→ **Data**
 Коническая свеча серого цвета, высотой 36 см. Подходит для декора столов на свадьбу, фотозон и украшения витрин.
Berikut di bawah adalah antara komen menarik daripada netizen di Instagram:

==

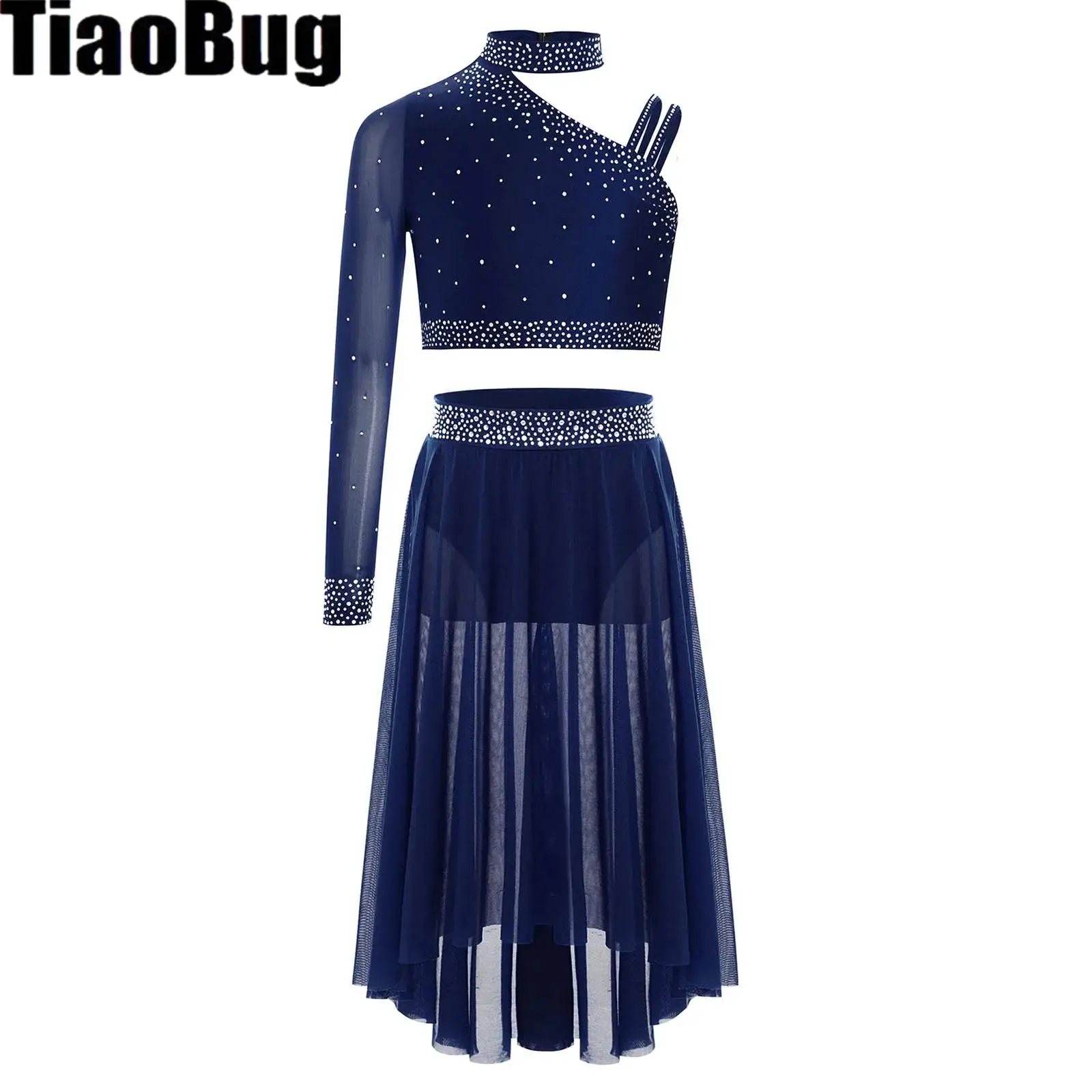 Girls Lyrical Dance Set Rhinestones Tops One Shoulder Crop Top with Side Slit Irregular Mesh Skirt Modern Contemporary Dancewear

→ **Exercise directions**
Starting at the line with "Коническая свеча серого" and ending at the line with "Berikut di bawah", print each line of the listing above exactly, with no other lines.

→ **Exercise solution**
 Коническая свеча серого цвета, высотой 36 см. Подходит для декора столов на свадьбу, фотозон и украшения витрин.
Berikut di bawah adalah antara komen menarik daripada netizen di Instagram:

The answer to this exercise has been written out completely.